# woodlice and black springtails...



## Guest (Sep 6, 2004)

http://www.dartfrog.co.uk/livefoods.html

Anyone know if some of the things listed here are available in the US? 

specifically:
European black springtail
(Tomocerus longicornis)
Large temperate species (size up to 8mm)

and:

Dwarf tropical woodlice
(Trichorhina tomentosa)
A small white species from Central America (size up to 8mm). A super, soft-bodied prey. Slow to culture initially but then explodes!
Limited availability


----------



## Guest (Sep 6, 2004)

FlyCulture is currently culturing all of these feeders. They will be available soon. Keep an eye on our site and the classifieds here.

Derek


----------



## jbeetle (Feb 8, 2004)

Very cool Derek! How far off do you think they are from being avialable?


----------



## Jace King (May 5, 2004)

also derek if im not correct were you not isolating the yellow form of hydeii. I bought some buzzati and mini mealworms off you i believe, and im still interested in aquiring the yellow hydeii.
which would make my fly collection include yellow hydeii, buzzati, melongaster(wingless), melonagaster(glider), and regular hydeii. thats 5 types of flies
added to the meal moths, mini mealworms, rfbl, spiders, springtails, crickets.
i also hope to add aphids, both springtails mentioned in post above. + lesser and regular waxworms
which makes like 15 types of feeders. 
only 5 away from my goal
which may have to include parasitic wasps, and what are red flour beetles, also milkweed bugs (which talk about seems to have ended) 
20 feeders is a lofty goal but i think its possible


----------



## steelcube (Mar 17, 2004)

Some people up in WA state also have access to these new feeders. I think they will be available for general public soon.

SB


----------



## Arklier (Mar 1, 2004)

Ooooh! Ooooh! I want some! Who should I contact?


----------



## Guest (Sep 7, 2004)

I have just started culturing a larger species of springtail myself. 
My wife and I were BBQing a couple weeks ago and I dropped a few pieces of charcoal in the yard and didn't bother with picking them up. A few days later I was cutting grass and moved them...they were crawling with grey/silverish springtails that are about twice to three times the size of the white ones commonly being cutured by froggers today. I gathered these pieces up and filled a sterlite box with more charcoal and water and have been culturing them in much the same manner as the other species and have just now been seeing offspring crawling around. 

-Bill J,


----------



## Guest (Sep 7, 2004)

*New Feeders*

We will have 5 different species of Isopods available very shortly. The first 2 should be available by early October. The Golden hydei line is pure and is being offered Oct 1. This fly is pretty cool as it is slightly larger than standard hydei. My frogs are going crazy for it. I just posted a picture in my gallery here's the link:

http://www.dendroboard.com/coppermine/displayimage.php?album=84&pos=2

We are also working with 4 species of springtail. Currently one is available. But soon we will have a very small species (about 1 mm) and two larger species. 

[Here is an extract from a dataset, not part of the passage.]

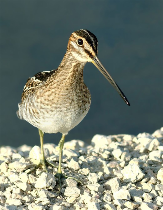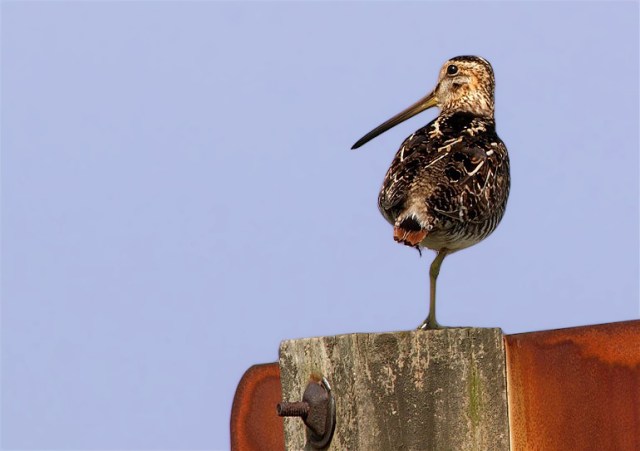 The Wilson’s Snipe was recently recognized as a different species from the Common Snipe. The two snipes are similar in appearance but they have a different number of tail feathers and they vary a little in their neck patterns. The “winnowing” sound used by the male to defend his territory and attract a mate, is highly recognizable by those of us who have heard it. It is not a vocal sound, but rather is produced by air flowing over the outstretched tail feathers with each wing beat. The clutch size of the Wilson’s Snipe is usually four eggs. The male snipe takes the first two chicks to hatch and leaves the nest with them. The female takes the last two and cares for them. Apparently the parents have no contact after that point. The nest is made of neatly woven grasses and should be close to water.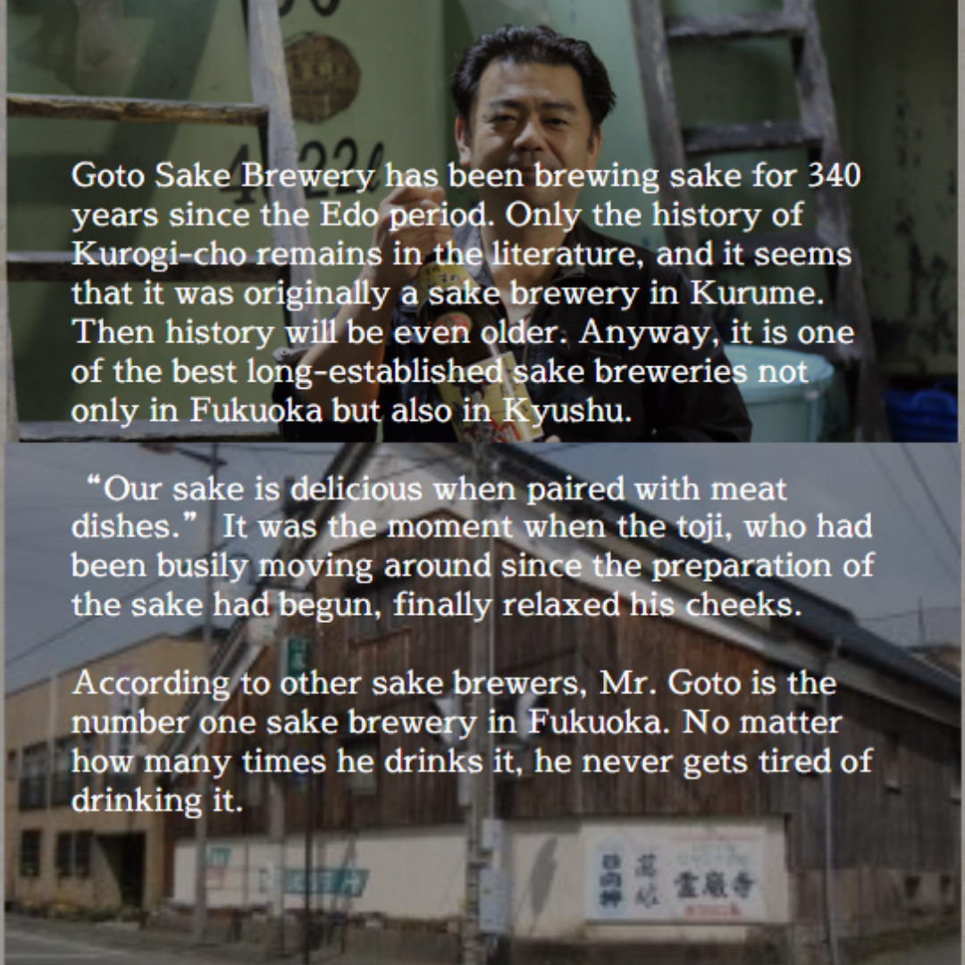 Nhà máy r'ượu sake lâu đời Goto được thành lập vào năm 1677, nằm ở Kurogi-cho, thành phố Yame, tỉnh Fukuoka.

We have also been working with a very small species of roach that is about twice the size of hydei. They are challenging, but we hope that once we work out the kinks they will be a nice addition to our feeder inventory.

Derek


----------



## Scott (Feb 17, 2004)

*Re: New Feeders*



DerekRader said:


> ... The Golden hydei line is pure and is being offered Oct 1. This fly is pretty cool as it is slightly larger than standard hydei.

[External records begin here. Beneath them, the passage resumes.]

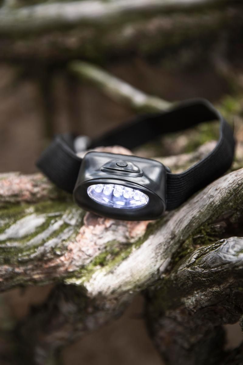 Linterna frontal de ABS con 5 luces LED y 3 posiciones de ajuste. Pilas incluidas.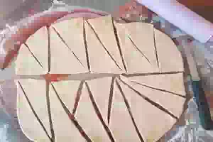 5. Смочите водой поверхность раскатанного теста. Нарежьте его на треугольнички, они могут быть совершенно разных размеров.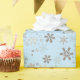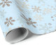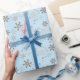 Papel de envolver de regalo de vacaciones mostrado en un color de fondo azul claro con una estampación de copos de nieve de Navidades festivos. Personalizar este artículo o compra como está. Imagen de archivo www.freepik.com

What's the advantage to using this rather than regular Hydeii? 



DerekRader said:


> ... We have also been working with a very small species of roach that is about twice the size of hydei. They are challenging, but we hope that once we work out the kinks they will be a nice addition to our feeder inventory.


Would these be the "green roaches" that made the rounds about 4 or 5 years ago?

s


----------



## Guest (Sep 7, 2004)

Scott,

I think that the greatest benefit of the Golden D. hydei is environmental enrichment as these flies appear and behave differently than the standard hydei. The light body color makes them a much more appealing prey item in my observations. My frogs even eat them as they perch motionless on the tops of leaves. Something they don’t do with standard hydei. 

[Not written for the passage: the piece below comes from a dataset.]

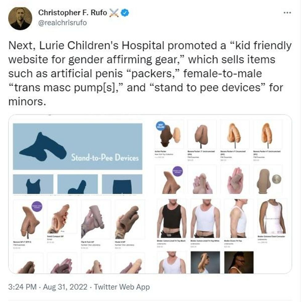 a "kid friendly website for gender affirming gear,” which sells items such as artificial penis “packers,” female-to-male “trans masc pump[s],” and “stand to pee devices” for minors.

The roaches are actually a small brown species that can't climb glass and is flightless. The "Green banana Roaches" that were floating around a while back are still readily available, but I have found them to be a little large and a hassle to culture. They fly - usually toward ones face.

Derek


----------



## Ryan (Feb 18, 2004)

DerekRader said:


> They fly - usually toward ones face.
> 
> Derek


Thats a scary thought.


----------



## Arklier (Mar 1, 2004)

Any updates on the springtails and roaches?


----------



## Guest (Mar 28, 2005)

*roaches*

any chance of us in the uk getting ahold of some of these roaches?


----------



## yuri (Feb 18, 2004)

*Golden hydei experience*

I am a few generations into the golden hydei and like them a lot. The culture takes a little longer under my conditions than regular hydei, but their hatch numbers seem higher. They appear to be less prone to climb as high as they can go and seem to congregate close to where they were dropped.

One odd thing I have noticed is that their pupal cocoon (not sure what the proper entomological term is) is not as 'glued' as the hydei or melanogaster, and therefore is easily dislodged. This makes cleaning their glass jars easier, but also makes feeding them out a little messier.


----------